Spark grabbed the emails of my immediate family and put them in a draft email. (Strangely, it didn’t include my wife’s.) The text of the email got the name of the first episode of the latest season of Taskmaster correct, but linked to a trailer instead of the actual episode. The email also included the term “loool,” which is something I write in casual written conversation. Spark 抓取了我直系亲属的邮箱并放入了草稿邮件中。(奇怪的是,它没包含我妻子的。)邮件正文准确写出了《Taskmaster》最新一季第一集的名称,但链接指向的是预告片而不是正片。邮件里还包含了“loool”这个词,这是我在日常非正式交流中会用的词。

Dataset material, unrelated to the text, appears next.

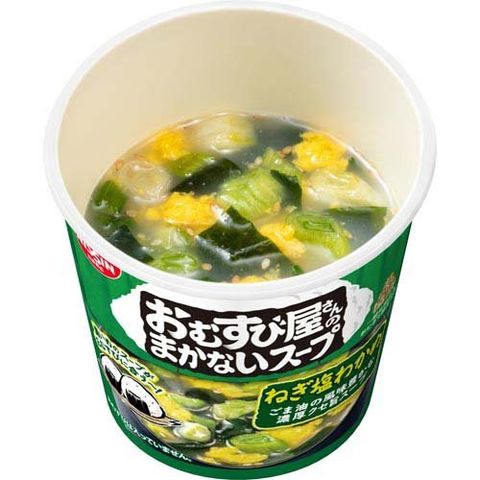 ●濃いめのスープがおむすびに合う~!ごま油の香ばしい風味とねぎの香りが食欲をそそる濃厚クセ旨スープ。
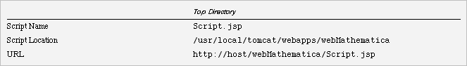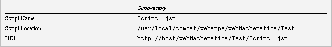 In this second table, Script1.jsp is located in a subdirectory of the webMathematica web application directory, for example, /usr/local/tomcat/webapps/webMathematica/Test. The URL http://host/webMathematica/Test/Script1.jsp will find this JSP.

Spark made a Google Doc in my Drive with a preschool preparation checklist. However, it’s only available to me; I asked Spark if it could give access to my wife, but it said it isn’t currently able to do that. Spark 在我的云端硬盘中创建了一个包含幼儿园准备清单的 Google 文档。然而,它仅对我可见;我问 Spark 能否给我的妻子访问权限,但它说目前还做不到。
Spark could be a powerful tool. But there are a few caveats I should mention. Like all AI tools, you still have to check its output to make sure it’s accurate, which could have higher stakes when it’s pulling from personal information to prepare things you share with people you know. Although Google pitches Spark as something that can operate on its own, I found myself constantly watching it or checking the notifications it sent to my phone. Spark 可能是一个强大的工具。但我必须指出几点注意事项。像所有 AI 工具一样,你仍然需要检查它的输出以确保准确性,当它从个人信息中提取内容并准备分享给熟人时,风险可能会更高。尽管 Google 将 Spark 宣传为可以独立运行的工具,但我发现自己不得不时刻盯着它,或者检查它发送到我手机上的通知。